A sequence from camelpox virus that forms a structure similar to the core structure of RNase P RNA from archaea and bacteria. The conserved residues, like those in Figure 2 ▶, are in uppercase letters. The L7 region could fold into a cruciform without the conserved P11 as in bacteria. The sequence (413 bp from 155,800 to 156,212 in camelpox genome) covers the intergenic region between a hypothetical ORF (155,444–155,689) and a gene coding for a DNA ligase (155,961–157,619), as well as part of the coding sequence for the ligase (Gubser and Smith 2002).
DISCUSSION
Identification of RNase P RNA
An efficient method to identify RNase P RNA from microbial genomes described in this study is comparable to tRNA-finding methods in terms of speed and accuracy.
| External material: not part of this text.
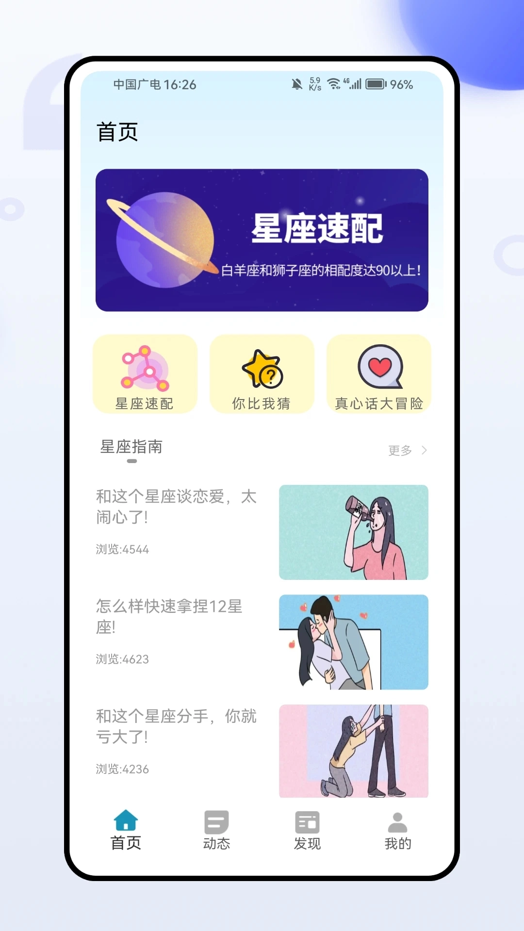 1、在首页,你能够知晓星座速配、你比我猜以及真心知大冒险等方面的知识。

This search approach is so sensitive that it can pick up every true positive identified in reference sequences of bacteria and archaea from the RNase P database (Brown 1999) because the core structure engaged is deduced directly from those sequences. The core structure feature used for searching RNase P RNA contains the true catalysis domain of RNase P RNA (see below). Therefore, our method is also extremely selective and it never misidentifies any unrelated sequence as true RNase P RNA. In general, the RNase P RNA sequence has been detected from the vast majority (95%, 57 of 60) of microbial genomes where it had not been annotated previously. Only in three microorganisms (A. aeolicus, N. equitans, and P. aerophilum) is there no RNase P RNA sequence detected. Certain unique RNase P enzymes might exist in these microbes that are beyond the scope of our theoretical approach or even conventional experiments (as in the case of A. aeolicus; Willkomm et al. 2002).
The procedure identifying RNase P RNA can also be applied to other genomes containing putative prokaryotic RNase P RNA. Some RNase P RNAs were found in the contig sequences of environmental genomes (total 76 Mb and 1045 Mb nonredundant base pairs from biofilm and Sargasso project, respectively). In the biofilm project, four RNase P RNAs were found. This is acceptable considering that only two near-complete genomes and three partial genomes were constructed from the sequencing data, and rRNA analysis from the environmental sample indicated the presence of three bacterial and three archaeal lineages (Tyson et al. 2004). However, in the Sargasso project, only two RNase P RNAs were found in their DNA samples where over 1000 distinct SSU rRNA genes or fragments were identified (Venter et al. 2004). The outcome could partially be due to the lower quality of assembling from the much larger DNA pool of the Sargasso project compared with the bio-film project. We also found one sequence from camelpox virus (Gubser and Smith 2002) that could be folded into a putative RNase P RNA (Fig. 4 ▶). This sequence segment has 98% homology with all other orthopoxviruses. Further efforts need to be undertaken to find more RNase P RNA genes in the environmental genomes and to investigate the function of this putative RNA in orthopoxviruses that have no tRNA gene in their genomes.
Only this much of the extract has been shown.